With the Mobile World Congress in full swing across the Atlantic, Intel has announced a series of Atom processors targeted at smartphones. The most interesting of these is the Z2460, which is based on the 32-nm Atom core otherwise known as Medfield. This chip is a single-core design with a 1.6GHz peak clock speed and Hyper-Threading support. An integrated GPU provides a modicum of 3D horsepower, while video blocks enable 1080p video decoding and encoding at up to 30 FPS.

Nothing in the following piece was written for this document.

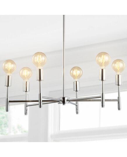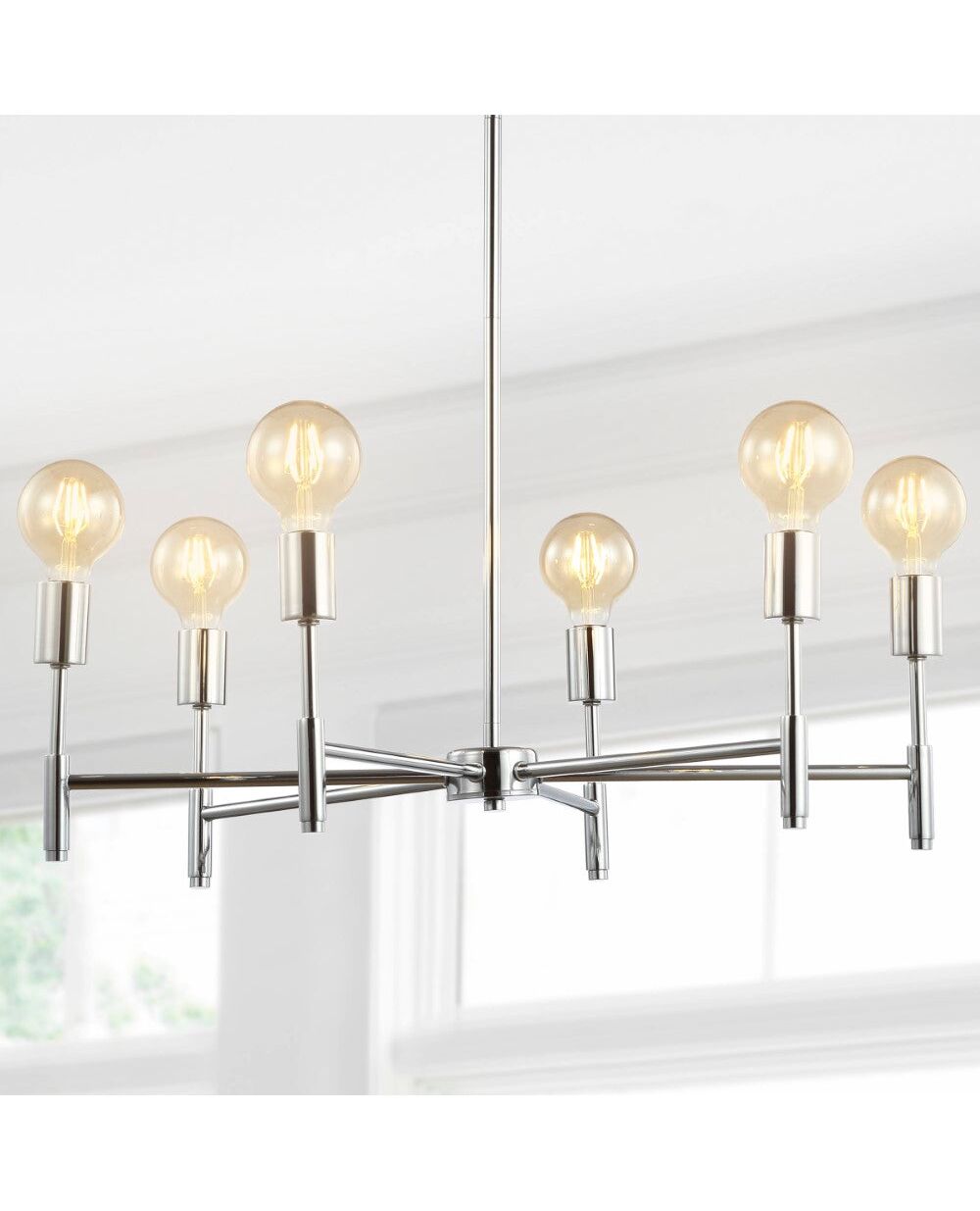 Inspired by modern masters like Gaetano Sciolari, this chrome chandelier would look elegant with chandelier bulbs and shades or modern with exposed round LEDs, as pictured. With six bulbs, it's lumescence would be a fit for a host of home applications from the dining room to the foyer. Add it over a breakfast nook table for a jolt of energy in an overlooked space.

The Z2460 will hit Europe this summer inside a "Santa Clara" smartphone sold by Orange. The phone is based on Intel's reference design, which sports a 4" screen and dimensions of 123 x 63 x 10 mm. Although that's slightly larger than an iPhone in every respect, Apple's latest smartphone is 23 grams heavier. Curiously, there's no mention of the device's battery life. More surprising is the assertion that it'll run the Gingerbread version of Android upon release. An ICS update is coming after the official launch, but if that isn't happening until this summer, the first Atom smartphone might be well behind the OS curve.
If the Z2460 isn't fast enough for your needs, the Atom Z2580 offers dual cores and purportedly double the performance. That model won't begin sampling until the end of the year, though. Actual products based on the chip aren't expected until next year.
For less exotic smartphones, Intel is prepping the Atom Z2000. This single-core chip is built using the same 32-nm process as the others, but its clock speed tops out at an even 1GHz, and there's no mention of Hyper-Threading. Like the Z2580, the budget chip is slated to begin sampling this year but not pop up in consumer devices until 2013.